Speaking of blogs, Talking Heads frontman David Byrne keeps one on his various gambols across the country(www.davidbyrne.com/journal/). Byrne has some choice snarkiness worth reading about his March 4 meta-PowerPoint performance at Atlanta’s Woodruff Arts Center. Befuddled by the omnipresence of Elton John cropping up on billboards and in discussions during his Atlanta visit, Byrne wonders, “What is it with Elton John and this town?”

David, FYI: We worship Elton John as a god.

Other notable blogs: Gallery Hopper (www.galleryhopper.org); Digital Media Tree (www.digitalmediatree.com); From the Floor (www.fromthefloor.blogspot.com); and Artopia(www.artsjournal.com/artopia/).

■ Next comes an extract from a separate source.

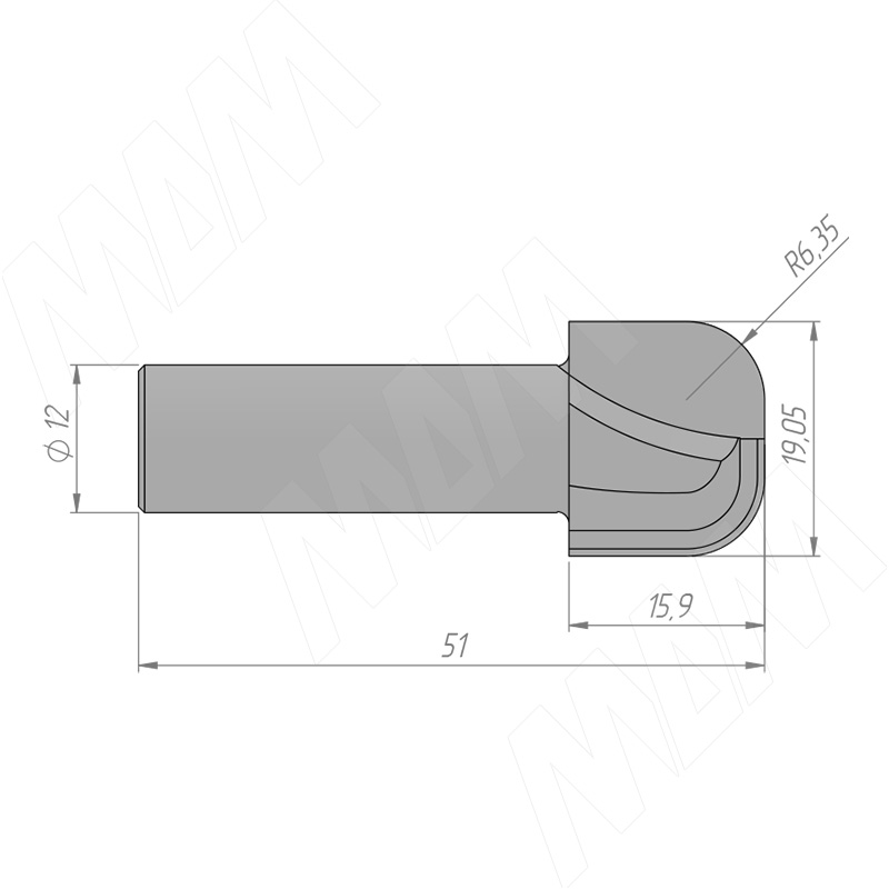 Фреза профильная D=19,05 H=15,9 S=12 Z=2 R1=6,35

CARTOON NETWORK’S talented, irreverent illustrators and graphic designers (including Jacob Escobedo and Brandon Lively) will stage a one-night exhibition, Ham Hands and You: Art from Inside Cartoon Network, at the Five Spot in Little Five Points, May 6. 404-223-1100.

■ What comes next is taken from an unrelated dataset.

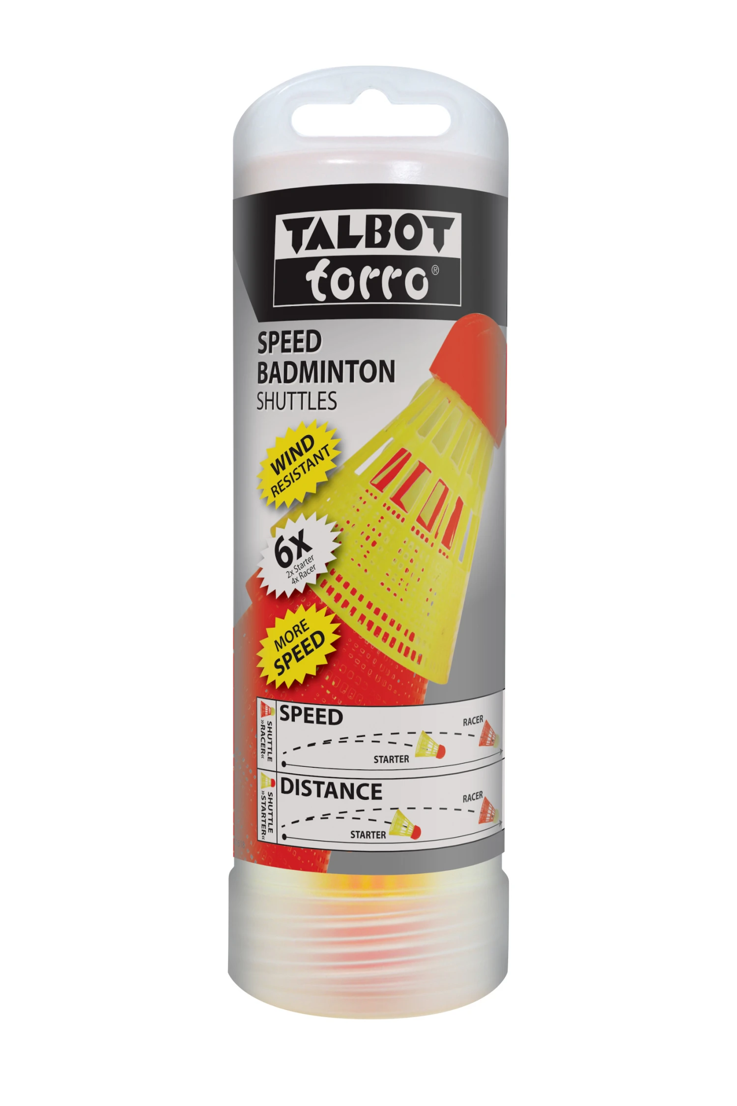 Die hochwertigen Talbot-Torro Shuttles in der 6er Dose sind perfekt für Speed Badminton Einsteiger und Fortgeschrittene. Die praktische Drehdose beinhaltet 4 schnelle „Racer-“ und 2 langsamere „Starter-“ Bälle. Speed Badminton ist das wohl vielseitigste Rückschlagspiel der Welt! Gespielt wird am Strand, im Park oder Garten – ganz ohne Netz. Der windstabile Ball ist schwerer und kleiner als ein normaler Federball und bringt dabei ein Extra an Speed.

FOR FIRE FANATICS, the annual RIPE event (www.ripeatlanta.com) returns May 7. There will be a plethora of fire play and kooky getups at the Historic Candler Smith Warehouse District on the city’s west side. The event runs from sunset to sunrise, or as long as your body paint holds out.

FOR KIDDIE ART FREAKS in your life, several local events might provide diversion. Though the Carter Center was crawling with the elderly set during a recent tour of Hand to Hand: Two Grand Masters of Suzhou Embroidery (through June 11), the absurdly complicated embroidered renditions of kitties, Bengal tigers and vases of peonies are visual crack to kitsch-receptive kiddies, and the technique is equally trippy for their adult companions, who will marvel at the degree of patience and skill (and the inevitable back problems) entailed in creating these remarkable works. Another surefire bet for children is the Atlanta Botanical Garden’s whimsical Locomotion in the Garden exhibit (through October) featuring a tiny train-centric village modeled from plant materials including fungi, moss and pine cone bits. The miniature renditions of Atlanta’s Capitol building, CNN Center and the Fox Theatre loop-de-looped by ever-circling trains make Atlanta look like something out of J.R. Tolkien’s Middle Earth.